Польский дипломат незаметно пожимает плечами.
— Хорошо. Мы можем подождать результатов ваших переговоров, — и, собираясь вставать, кидает на стол плотную пачку документов, которую держал и руках.
От удара голубой листок бумаги вылетает из пачки и падает к нему на колени. Элегантным движением на лету поляк ловит этот невиданный им документ и, перевернув, читает:
«Твое поведение безобразно. Ты третий раз забываешь оплатить счет моего ювелира, ставя меня в неловкое положение. Если ты не настолько обезумел с своими планами войны, что не забываешь отдыхать от них в моей кровати, то не должен забывать и платить за это. Не хочешь ли, чтоб я обратилась к твоей жене с просьбой оплатить счета любовниц ее мужа?»

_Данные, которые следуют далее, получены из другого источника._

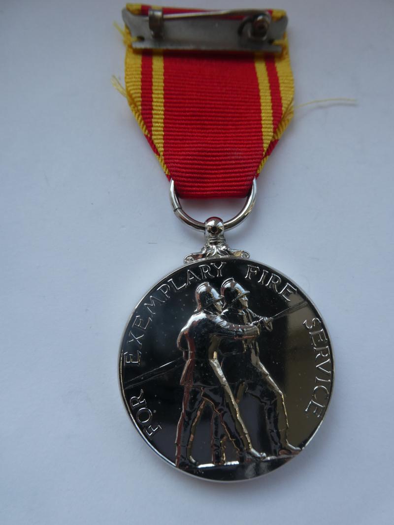 Fire Brigade Exemplary Service Medal ( Rhodium plated cupro-nickel version.

«Секретные документы, которые берегутся от семьи», мелькает в голове поляка, но раньше, чем он успевает положить записку, старик за столом краснеет, румянец перелезает даже на нос и с живостью, невероятной для его тела, он перехватывает злополучную бумажку и, запихав в груду документов, прячет все в стол.
И только после, опомнившись, ища выхода, сразу не думая, говорит:
— Эти документы вам не нужны. Все и так ясно. Вы просите 100? Хорошо. Пусть будет 100. Я согласен.
И когда сбегает с лица краска, уже взвесив, добавляет:
— Кабинет меня не уполномочивал, но для сохранения дружбы я надеюсь провести 20 миллионов дотации.
И, пожимая протянутую руку, еще раз не то официально, не то просительно добавляет:
— Только полная тайна. Никому ни слова о документах.
Поляк вежливо наклоняет голову.
В кабинет уже входят вызванные звонком чины министерства и стенографистки. Трещит машинка.
1435-й тайный франко-польско-русский договор подписан сторонами.